Undesired splitting with regroup #311

Closed darioai closed 7 months ago

darioai commented 9 months ago

@jianfch , first of all, thanks so much for creating stable-ts! This thing is amazing! Now, to my issue: I'm using regroup to keep segments at a max_chars = 65, which after multiple tries (I don't have any formal training in Python) is working as it should 👍 However, regroup is causing some undesired splitting to subtitles under the set max_chars, like the example below:

From: 00:00:00.096 --> 00:00:02.440 En un edificio como este es un juego

to 00:00:00.096 --> 00:00:00.196 En

00:00:00.768 --> 00:00:02.440 un edificio como este es un juego

Any idea on how to fix this? Thanks!

jianfch commented 9 months ago

It seems to have split due to a gap from 00:00:00.196 to 00:00:00.768. Which methods did you use?

darioai commented 9 months ago

This is the command I'm using: command = ["stable-ts", audio_path, "-o", transcription_path, "--model", "large-v3", "--vad", "true", "--segment_level", "true", "--word_level", "false", "--max_chars", str(max_chars_value)] Is there a way to turn services off from the command?

darioai commented 9 months ago

I just added "--regroup", "sl" to the command and it took care of the problem. Thanks for the quick reply!

jianfch commented 9 months ago

When --max_chars or --max_words is specified, it calls split_by_length() after it regroups. Since --regroup true is the default, it will use the default regrouping algorithm which includes split_by_gap(). So disabling the default regrouping with --regroup false should achieve the same results with less compute. Note that --regroup "sl" will call split_by_length() without specifying max_chars or max_words which means it will do nothing.

darioai commented 9 months ago

Is there a way to disable split_by_gap w/o disabling regroup? I

jianfch commented 9 months ago

Is there a way to disable split_by_gap w/o disabling regroup?

The default regrouping can be represent as "cm_sp=.* /。/?/?/,* /,_sg=.5_mg=.3+3_sp=.* /。/?/?", True, or a chain of regrouping methods in the section about regrouping. So simply remove sg=.5 to disable the split_by_gap(.5). The first .* /。/?/? is also redundant so remove that as well. You end up with --refine "cm_sp=,* /,_mg=.3+3_sp=.* /。/?/?".
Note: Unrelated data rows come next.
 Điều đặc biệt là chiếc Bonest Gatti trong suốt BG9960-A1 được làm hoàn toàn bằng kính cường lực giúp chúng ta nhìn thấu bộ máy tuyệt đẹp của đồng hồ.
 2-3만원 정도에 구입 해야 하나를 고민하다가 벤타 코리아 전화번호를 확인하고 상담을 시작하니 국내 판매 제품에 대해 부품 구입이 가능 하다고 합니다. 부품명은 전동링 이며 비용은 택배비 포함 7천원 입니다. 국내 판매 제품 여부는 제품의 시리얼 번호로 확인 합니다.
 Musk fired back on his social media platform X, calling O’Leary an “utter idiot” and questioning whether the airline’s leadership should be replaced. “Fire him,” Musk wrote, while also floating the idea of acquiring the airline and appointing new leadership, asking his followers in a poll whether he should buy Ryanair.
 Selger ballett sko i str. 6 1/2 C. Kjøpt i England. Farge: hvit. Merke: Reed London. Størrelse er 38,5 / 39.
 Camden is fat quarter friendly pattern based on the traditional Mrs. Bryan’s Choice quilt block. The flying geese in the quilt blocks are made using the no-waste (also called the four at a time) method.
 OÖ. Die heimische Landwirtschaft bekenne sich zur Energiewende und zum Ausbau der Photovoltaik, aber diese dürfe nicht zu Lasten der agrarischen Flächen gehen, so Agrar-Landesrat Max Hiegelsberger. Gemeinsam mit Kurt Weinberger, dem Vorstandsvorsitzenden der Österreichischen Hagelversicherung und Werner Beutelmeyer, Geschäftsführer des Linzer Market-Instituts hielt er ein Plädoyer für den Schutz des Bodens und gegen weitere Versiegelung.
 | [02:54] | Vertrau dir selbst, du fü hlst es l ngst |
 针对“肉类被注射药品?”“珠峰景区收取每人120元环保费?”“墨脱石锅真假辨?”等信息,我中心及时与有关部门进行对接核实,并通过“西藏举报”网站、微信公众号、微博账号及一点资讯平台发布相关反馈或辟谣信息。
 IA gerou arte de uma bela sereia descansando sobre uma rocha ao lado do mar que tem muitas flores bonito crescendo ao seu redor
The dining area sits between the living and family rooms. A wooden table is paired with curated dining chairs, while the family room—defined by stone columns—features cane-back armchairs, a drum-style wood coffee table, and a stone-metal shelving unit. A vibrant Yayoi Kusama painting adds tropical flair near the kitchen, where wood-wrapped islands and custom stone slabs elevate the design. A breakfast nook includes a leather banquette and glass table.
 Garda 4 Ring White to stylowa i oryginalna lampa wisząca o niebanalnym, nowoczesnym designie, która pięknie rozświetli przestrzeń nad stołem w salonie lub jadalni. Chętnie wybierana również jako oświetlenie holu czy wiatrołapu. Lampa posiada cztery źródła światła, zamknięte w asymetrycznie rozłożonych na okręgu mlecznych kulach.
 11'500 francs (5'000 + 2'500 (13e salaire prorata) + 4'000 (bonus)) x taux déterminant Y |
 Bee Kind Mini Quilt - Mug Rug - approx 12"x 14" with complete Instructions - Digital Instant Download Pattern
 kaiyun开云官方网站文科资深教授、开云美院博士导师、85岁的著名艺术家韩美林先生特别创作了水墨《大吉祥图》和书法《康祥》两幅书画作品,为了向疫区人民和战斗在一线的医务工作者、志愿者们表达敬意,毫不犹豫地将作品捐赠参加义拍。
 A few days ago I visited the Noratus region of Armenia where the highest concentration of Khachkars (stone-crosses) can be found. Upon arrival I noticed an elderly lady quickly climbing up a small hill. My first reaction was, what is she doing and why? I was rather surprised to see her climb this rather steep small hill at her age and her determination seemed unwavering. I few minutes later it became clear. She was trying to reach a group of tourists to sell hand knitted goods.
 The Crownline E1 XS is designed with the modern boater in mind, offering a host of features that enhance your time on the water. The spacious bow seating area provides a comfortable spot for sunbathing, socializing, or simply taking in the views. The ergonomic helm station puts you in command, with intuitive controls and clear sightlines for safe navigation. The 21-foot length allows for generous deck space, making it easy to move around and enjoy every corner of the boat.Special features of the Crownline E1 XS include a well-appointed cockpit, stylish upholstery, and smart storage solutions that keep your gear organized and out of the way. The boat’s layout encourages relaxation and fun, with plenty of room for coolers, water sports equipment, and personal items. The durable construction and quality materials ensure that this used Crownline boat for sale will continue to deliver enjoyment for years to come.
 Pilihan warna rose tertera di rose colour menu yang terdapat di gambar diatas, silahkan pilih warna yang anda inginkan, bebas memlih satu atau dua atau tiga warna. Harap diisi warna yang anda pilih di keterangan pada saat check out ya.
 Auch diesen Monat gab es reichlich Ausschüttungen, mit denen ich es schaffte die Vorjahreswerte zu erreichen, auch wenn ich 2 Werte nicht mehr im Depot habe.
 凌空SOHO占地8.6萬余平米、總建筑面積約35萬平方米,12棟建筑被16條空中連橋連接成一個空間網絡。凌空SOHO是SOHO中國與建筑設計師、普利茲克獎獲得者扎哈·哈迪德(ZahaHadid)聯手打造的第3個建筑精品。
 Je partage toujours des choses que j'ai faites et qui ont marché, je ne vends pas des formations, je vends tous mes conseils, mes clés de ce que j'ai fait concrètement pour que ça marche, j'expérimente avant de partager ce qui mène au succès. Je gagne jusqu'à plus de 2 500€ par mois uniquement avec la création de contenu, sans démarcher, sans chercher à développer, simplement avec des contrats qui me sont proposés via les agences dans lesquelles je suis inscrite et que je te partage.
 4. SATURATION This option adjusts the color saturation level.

darioai commented 9 months ago

Thanks!!!!

darioai commented 9 months ago

Since different caption systems have different requirements for the max chars/line, I've been using --max_chars = (user input max chars/line)*2+1. Then I use textwrap to rewrap subtitles over the max characters/line into two lines. textwrarp breaks the lines according to the following priorities: a- Punctuation b- before conjunctions and prepositions c- At the last space within max characters/line There's still improvement to be done, but so far the results are pretty good.